▶ [YOUR INSTRUCTIONS]:
The material below includes pictures; leave them out and return only the lines between the line containing "[製品の公開] (1) を選択して、製品をサンドボックス" and the line containing "Đồng chí Nguyễn", inclusive, word for word.

▶ [DATA]:
Start of Block

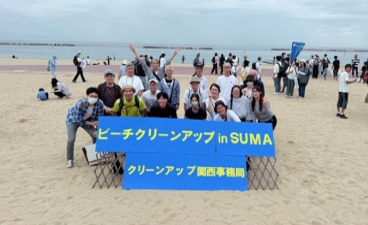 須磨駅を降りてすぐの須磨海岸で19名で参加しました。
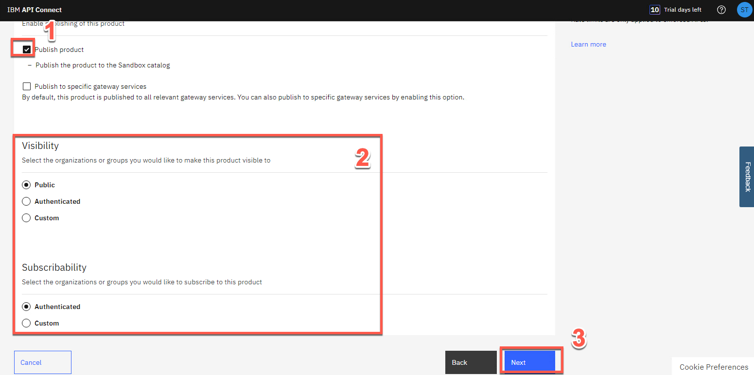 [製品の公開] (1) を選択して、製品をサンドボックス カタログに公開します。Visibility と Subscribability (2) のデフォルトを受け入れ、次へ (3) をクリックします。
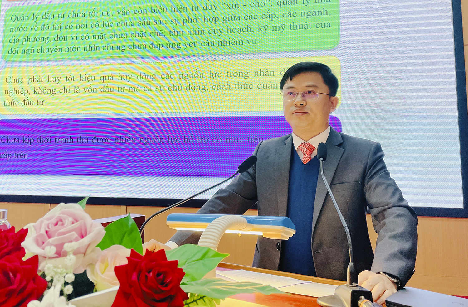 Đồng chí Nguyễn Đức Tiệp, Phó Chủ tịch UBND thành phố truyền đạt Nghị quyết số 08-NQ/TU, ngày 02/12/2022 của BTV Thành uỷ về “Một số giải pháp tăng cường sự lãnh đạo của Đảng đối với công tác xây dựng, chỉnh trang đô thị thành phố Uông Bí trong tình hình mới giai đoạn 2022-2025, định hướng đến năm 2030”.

End of Block
Start of Block

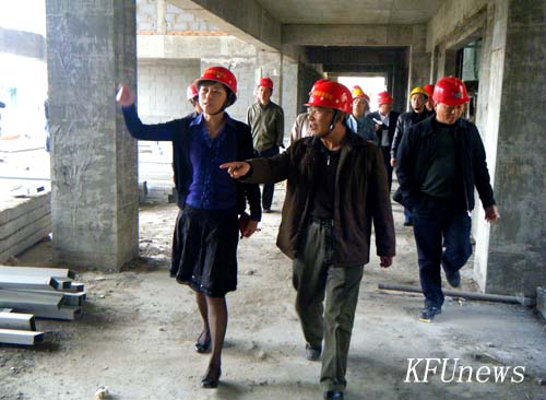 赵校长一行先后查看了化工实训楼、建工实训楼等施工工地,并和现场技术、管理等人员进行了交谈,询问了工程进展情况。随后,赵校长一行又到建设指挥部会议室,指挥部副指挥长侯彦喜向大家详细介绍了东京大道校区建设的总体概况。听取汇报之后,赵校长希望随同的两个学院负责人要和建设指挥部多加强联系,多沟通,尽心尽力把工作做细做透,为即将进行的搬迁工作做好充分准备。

End of Block

▶ [TASK SOLUTION]:
 [製品の公開] (1) を選択して、製品をサンドボックス カタログに公開します。Visibility と Subscribability (2) のデフォルトを受け入れ、次へ (3) をクリックします。
 Đồng chí Nguyễn Đức Tiệp, Phó Chủ tịch UBND thành phố truyền đạt Nghị quyết số 08-NQ/TU, ngày 02/12/2022 của BTV Thành uỷ về “Một số giải pháp tăng cường sự lãnh đạo của Đảng đối với công tác xây dựng, chỉnh trang đô thị thành phố Uông Bí trong tình hình mới giai đoạn 2022-2025, định hướng đến năm 2030”.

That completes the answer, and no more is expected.